The most promising sub-sectors in the computer software sector in the country are:

  • E-commerce
  • Acquisitions and mergers
  • IT parks
  • Incubators
  • Venture funds
  • Software development companies
  • Call centers
  • Game and animation studios
  • Data centers
  • Cloud computing
  • Cybersecurity applications and services
  • Training centers
  • Virtual and augmented reality
  • Consulting centers

Opportunities

The local software market offers significant business opportunities for foreign companies offering products for the enterprise sector, including financial management and business forecasting, online IT training portals, e-commerce, electronic payments, embedded tools and other web applications . Increased use of mobile wallets coupled with cheaper and more accessible smartphones has helped increase the user base of Pakistan's e-commerce industry.

Telecommunications sector

The recent liberalization of the telecommunications sector has made telecommunications one of the most promising sectors in the country. Currently, the private sector is actively involved in the expansion and development of telecommunications services. It provides cellular telephone services, card payphone, Internet and broadband services, and after the privatization of Pakistan Telecommunications Company (PTCL), also provides fixed telephone services.

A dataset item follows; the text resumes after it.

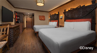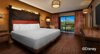 Step into the heart of Africa at this magnificent Resort hotel. Inspired by the traditional African kraal, the horseshoe-curved design provides spectacular views of four lush savannas that over 200 hoofed animals and birds call home. Delight in dazzling pool areas, exciting animal programs and one of the largest collections of African art in the United States as you experience your own African safari adventure with a touch of Disney magic.

Pakistan's telecom industry has witnessed remarkable growth over the past few years, driven by the rise of e-commerce, which has increased the demand for connectivity. This capability has helped develop the infrastructure and network for the industry, but operational challenges such as power outages, stability and security issues, rising fuel prices and operating costs are still inevitably high.

Seeing the potential for growth, the government has unveiled the 5G roadmap, which includes testing of 5G technology and related services. With telecom operators rolling out 3G/4G services, the number of broadband subscribers has grown rapidly. This surge has created a huge demand for smartphones, which are the top-selling category across all major e-commerce platforms.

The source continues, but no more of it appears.